本年度も「小規模事業者持続化補助金」の公募が開始されます。

今回は、これまでセミナーや書類作成支援などで多くの経営者様のお手伝いをしてきましたノウハウをご提供しながら、小規模事業者持続化補助金の採択されるための事業計画書の作成方法について解説していきます。

不採択となる計画書のパターン

小規模事業者持続化補助金を申請するためには、「経営計画書(様式2)」と「補助事業計画書(様式3)」を作成する必要があります。

しかし、残念ながら不採択となってしまう計画書は、以下の3つのパターンに大別できます。ご自身で作成された計画書が当てはまっていないかどうか、チェックしてみてください。

補助金の趣旨を把握できていない

小規模事業者持続化補助金は、補助金を活用することによって、小規模企業を持続化させ、日本経済全体の底上げを狙う趣旨で実施されています。

当然、この趣旨に沿った計画書が採択されるわけです。すなわち、「持続化させる」=「中長期的な経営計画のもとで補助金がどうしても必要だ」ということがわかる計画書でなければならないということです。

いいかえれば、自社の「経営の状況や目標を明確化し、経営の目標を達成するための方策として、補助事業(=販路開拓につながる取り組み)を実施する」というストーリーが計画内容からわかるものでなければなりません。

計画書のボリュームが少ない

様式2と様式3の内容で採択か不採択かが審査されます。
しかし、この様式2、3の計画内容がそれぞれ1ページ程度のボリュームしか書いていない方が結構います。

公募要領内の例を参考に作成された方のほとんどがこのパターンに該当します。審査時には計画内容が明確でないものは不採択になってしまいます。

審査する方に計画内容がわかるように一定程度のボリュームは必要です。
わたしの場合、「経営計画書(様式2)」は2〜3ページ程度、「補助事業計画書(様式3)」は3〜4ページ程度記載するようにアドバイスしています。

審査のポイントを押さえていない

計画書のボリュームが少ないからといって、もちろんこれは中身のない文章を増やせばよいということではありません。

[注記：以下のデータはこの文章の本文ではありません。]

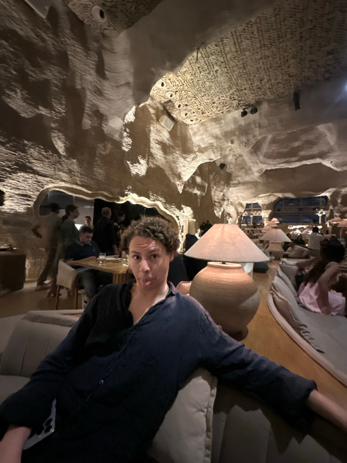 The image depicts the interior of Opa Kipos, located at The Mills, Lower Parel, Mumbai, India. A young individual with dark, curly hair, wearing a dark blue long-sleeved shirt, sits angled on a light…read more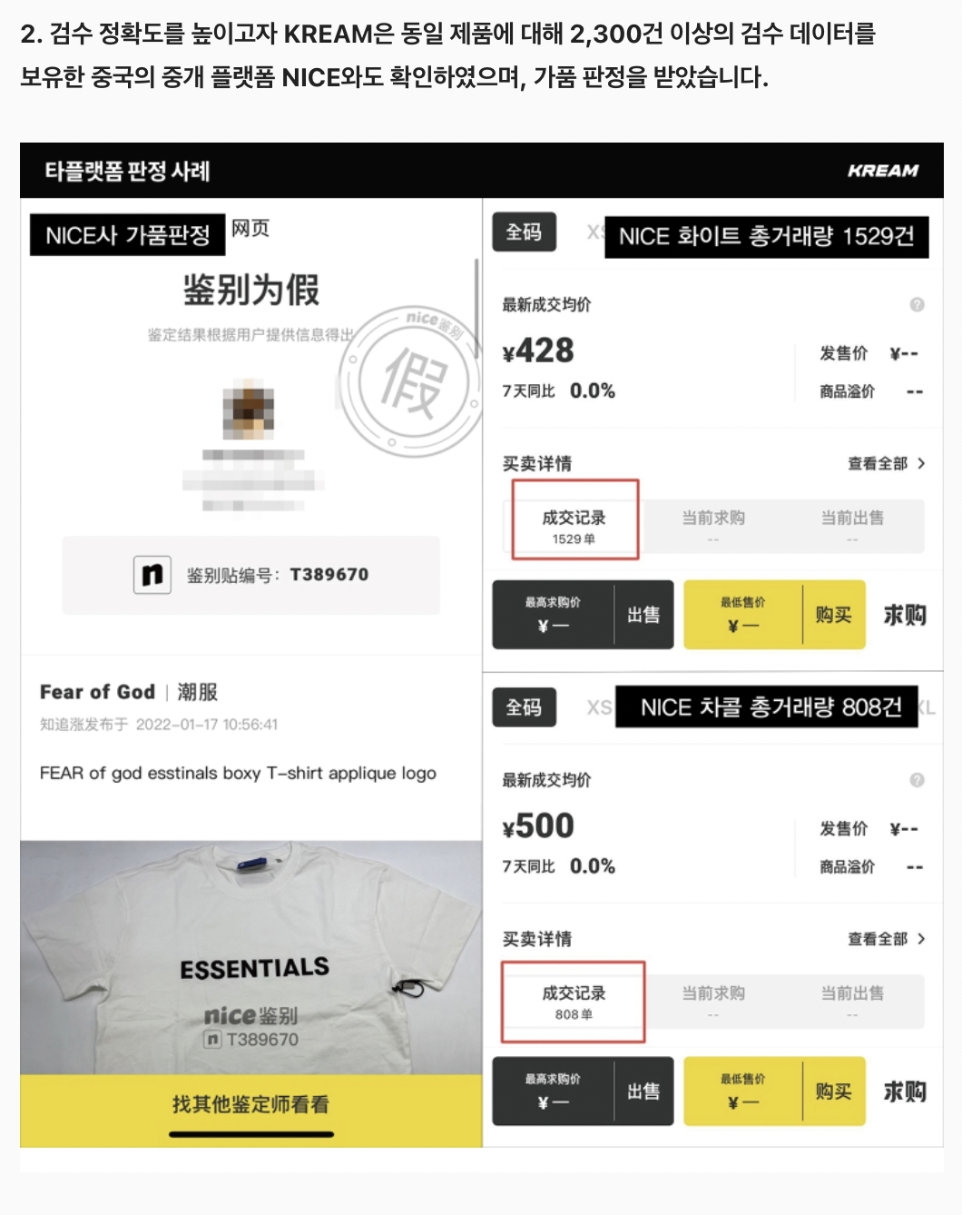 또한, 동일한 유통경로로 같은 제품을 확보해서 중국 리셀 플랫폼 NICE에서도 감정을 의뢰했는데 가품이 나왔다고 공개했다.

事業計画の内容を重複や過不足なく、書類上にまとめるために、最低限のボリュームが必要になってくるということなのです。

それでは一体、どのような項目を「経営計画書(様式2)」と「補助事業計画書(様式3)」に記載していけばよいのでしょうか。

それは、審査のポイントを押さえた項目を記載するということです。

審査のポイントは、「公募要領」に記載されています。それぞれの項目について解説していきます。

審査のポイントとは?

採択される計画書を作成するためには、公募要領に記載されている「審査の観点」を押さえなければなりません。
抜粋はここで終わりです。